- _Data for the task_
_ _ _ _ _ _ _

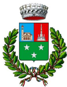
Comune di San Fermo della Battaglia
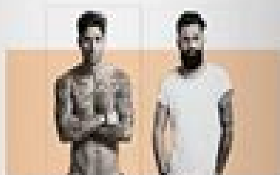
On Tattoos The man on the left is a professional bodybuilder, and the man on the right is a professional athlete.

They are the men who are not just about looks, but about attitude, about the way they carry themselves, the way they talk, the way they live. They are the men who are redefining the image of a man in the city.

_ _ _ _ _ _ _

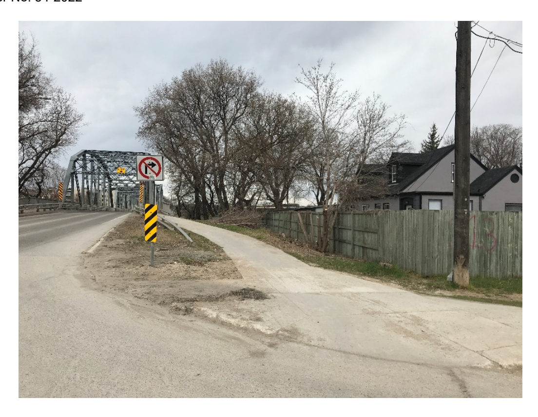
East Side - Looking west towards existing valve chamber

_ _ _ _ _ _ _

- _Assigned task_
Starting at the line that contains "On Tattoos The" and stopping after the line that contains "They are the men who are not", write out every line exactly as it appears above, and no other line.

- _Solution_
On Tattoos The man on the left is a professional bodybuilder, and the man on the right is a professional athlete.

They are the men who are not just about looks, but about attitude, about the way they carry themselves, the way they talk, the way they live. They are the men who are redefining the image of a man in the city.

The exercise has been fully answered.